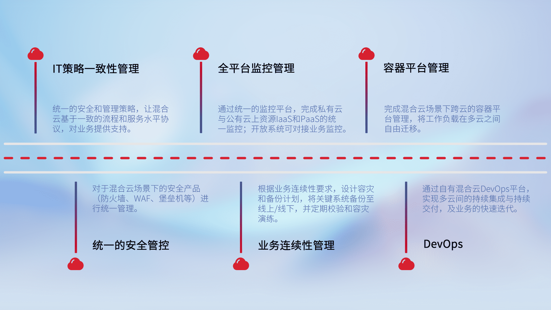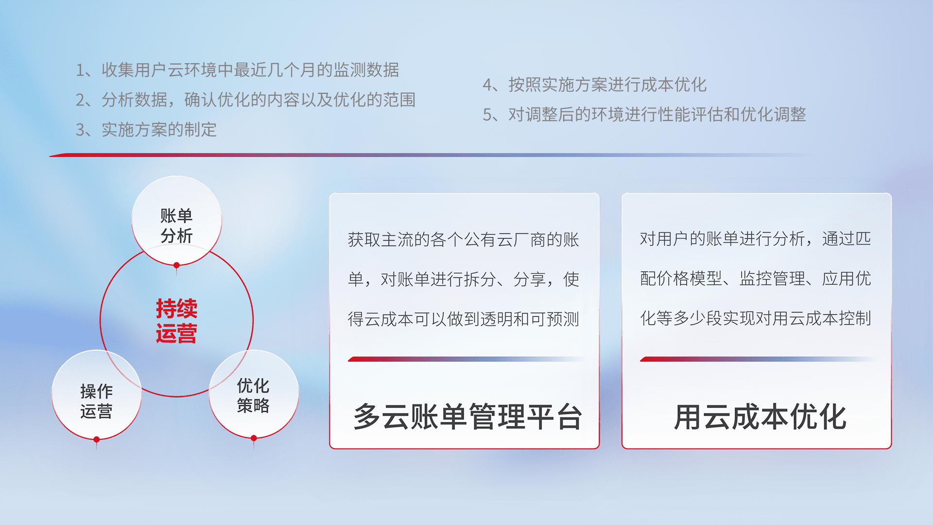 通过多云纳管,,,,以统一的资源数据模型把客户的云资源进行抽象和封装,,,进而实现对多云资源的统一操作,,,,保障云资源管理的可靠性、、、、稳定性与可用性。。。。量身定制化运维内容,,配置、、、开发运维、、、、补丁管理、、、备份、、、监控、、认证和访问管理、、、审计和日常巡检等,,保障在用云过程中的可靠度,,,,稳定度以及高可用率。。。
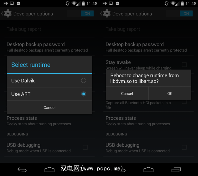 仅在Android 4.4 KitKat(即Android 4.4.1和4.4.2)上才能切换Android设备运行时。 ),但切换很容易实现。预期的结果是您的应用程序和游戏应该更快地启动–这不是一件坏事!
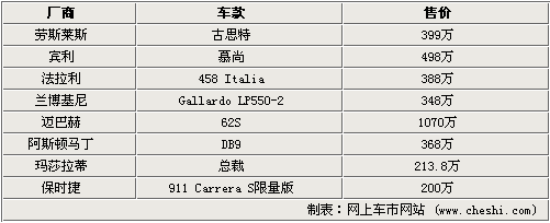 這次成都車展勞斯萊斯、賓利、法拉利、蘭博基尼等高端品牌悉數(shù)參展,為成都的消費(fèi)者帶來了其當(dāng)家車款,比如古思特、慕尚、458 Italia、Gallardo LP550-2都是上市不久的新車,邁巴赫在車展上首發(fā)了其全新一代62S,預(yù)計(jì)售價(jià)1070萬元,而保時(shí)捷也發(fā)布了911 Carrera S Porsche Carrera Cup Asia,限量發(fā)售30臺(tái)預(yù)售200萬。
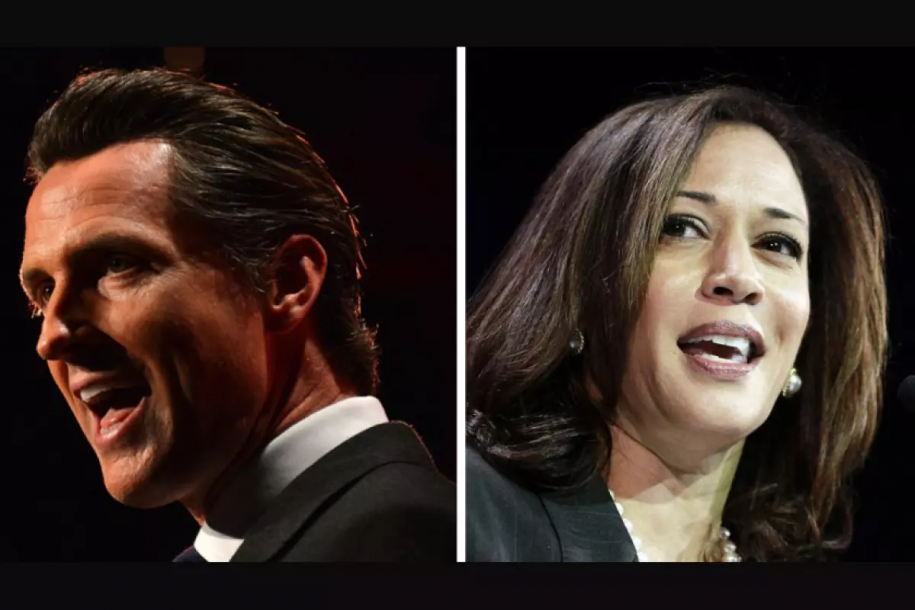 개빈 뉴섬(왼쪽) 캘리포니아 주지사와 카멀라 해리스 전 부통령. /AP
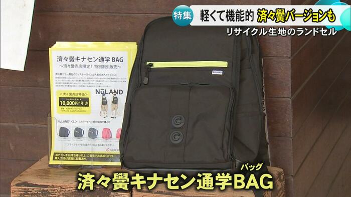 ブランド名は『ニューランド』。リサイクル生地で作った布製のランドセルとして、2021年に登場し、SNSなどで話題となった。重さは、892グラム。東京に本社を置く『RANAOS』が販売していて、2025年5月に初めて熊本市で展示会を開いた。
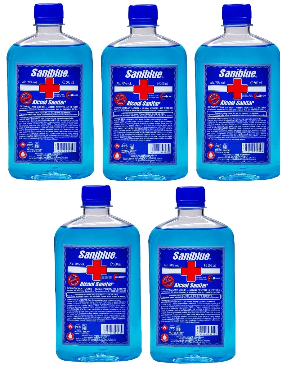 Pachet Saniblue spirt/alcool sanitar 70%, 500 ml x 5 buc
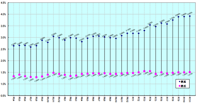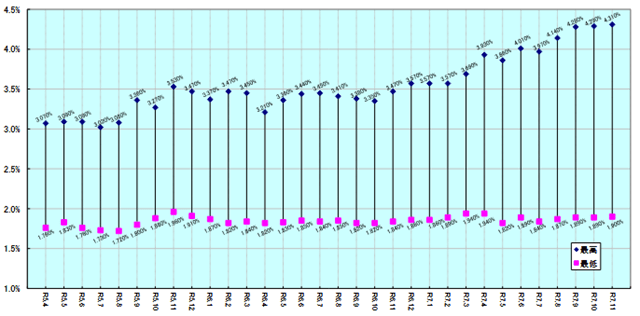 返済期間21年以上35年以下の最低金利は、融資率9割以下が1.90%、9割超が2.01%と、いずれも前月から0.01ポイント上がり、2カ月ぶりに上昇した。最高金利は、9割以下が4.31%、9割超が4.42%で、前月から0.02ポイント上昇した。
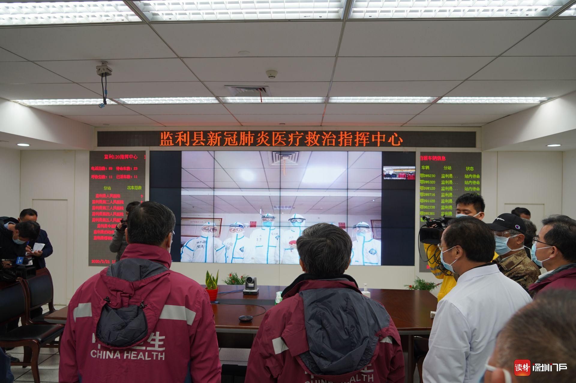 2月21日,監(jiān)利縣人民醫(yī)院指揮中心,廣東省醫(yī)療隊前指領(lǐng)導與縣中醫(yī)院ICU里的廣東醫(yī)療隊隊員進行視頻連線。
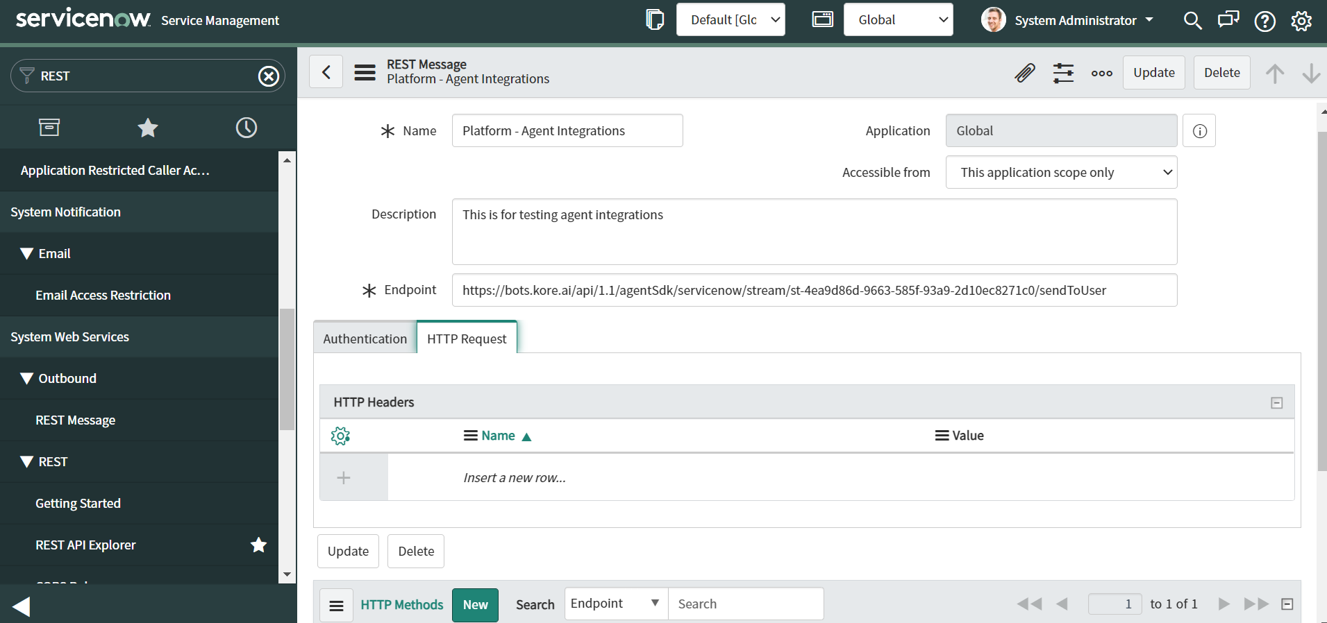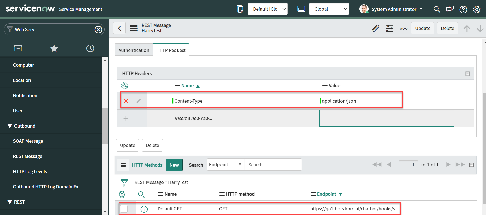 Step 9: Define Outbound REST Message Requests in ServiceNow¶
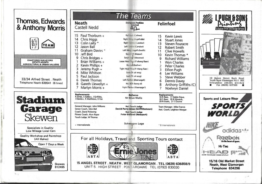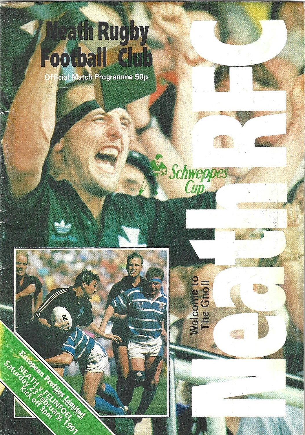 1990/91 Neath v Felinfoel WRU Schweppes Cup 6th Round Rugby Union Programme
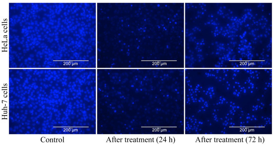 Apoptosis analysis by Hoechst assay. The DNA-specific fluorescent dye (Hoechst 33342) was used to stain cells (HeLa and Huh-7) treated with an EC50 dose of seaweed (Acrosiphonia orientalis) extracts for 24 h and 72 h, and observed under florescent microscope. Control was untreated cells.

▸ **Work to complete**: Apart from the pictures, return the records exactly.

▸ **Response**:
 通过多云纳管,,,,以统一的资源数据模型把客户的云资源进行抽象和封装,,,进而实现对多云资源的统一操作,,,,保障云资源管理的可靠性、、、、稳定性与可用性。。。。量身定制化运维内容,,配置、、、开发运维、、、、补丁管理、、、备份、、、监控、、认证和访问管理、、、审计和日常巡检等,,保障在用云过程中的可靠度,,,,稳定度以及高可用率。。。
 仅在Android 4.4 KitKat(即Android 4.4.1和4.4.2)上才能切换Android设备运行时。 ),但切换很容易实现。预期的结果是您的应用程序和游戏应该更快地启动–这不是一件坏事!
 這次成都車展勞斯萊斯、賓利、法拉利、蘭博基尼等高端品牌悉數(shù)參展,為成都的消費(fèi)者帶來了其當(dāng)家車款,比如古思特、慕尚、458 Italia、Gallardo LP550-2都是上市不久的新車,邁巴赫在車展上首發(fā)了其全新一代62S,預(yù)計(jì)售價(jià)1070萬元,而保時(shí)捷也發(fā)布了911 Carrera S Porsche Carrera Cup Asia,限量發(fā)售30臺(tái)預(yù)售200萬。
 개빈 뉴섬(왼쪽) 캘리포니아 주지사와 카멀라 해리스 전 부통령. /AP
 ブランド名は『ニューランド』。リサイクル生地で作った布製のランドセルとして、2021年に登場し、SNSなどで話題となった。重さは、892グラム。東京に本社を置く『RANAOS』が販売していて、2025年5月に初めて熊本市で展示会を開いた。
 Pachet Saniblue spirt/alcool sanitar 70%, 500 ml x 5 buc
 返済期間21年以上35年以下の最低金利は、融資率9割以下が1.90%、9割超が2.01%と、いずれも前月から0.01ポイント上がり、2カ月ぶりに上昇した。最高金利は、9割以下が4.31%、9割超が4.42%で、前月から0.02ポイント上昇した。
 2月21日,監(jiān)利縣人民醫(yī)院指揮中心,廣東省醫(yī)療隊前指領(lǐng)導與縣中醫(yī)院ICU里的廣東醫(yī)療隊隊員進行視頻連線。
 Step 9: Define Outbound REST Message Requests in ServiceNow¶
 1990/91 Neath v Felinfoel WRU Schweppes Cup 6th Round Rugby Union Programme
 Apoptosis analysis by Hoechst assay. The DNA-specific fluorescent dye (Hoechst 33342) was used to stain cells (HeLa and Huh-7) treated with an EC50 dose of seaweed (Acrosiphonia orientalis) extracts for 24 h and 72 h, and observed under florescent microscope. Control was untreated cells.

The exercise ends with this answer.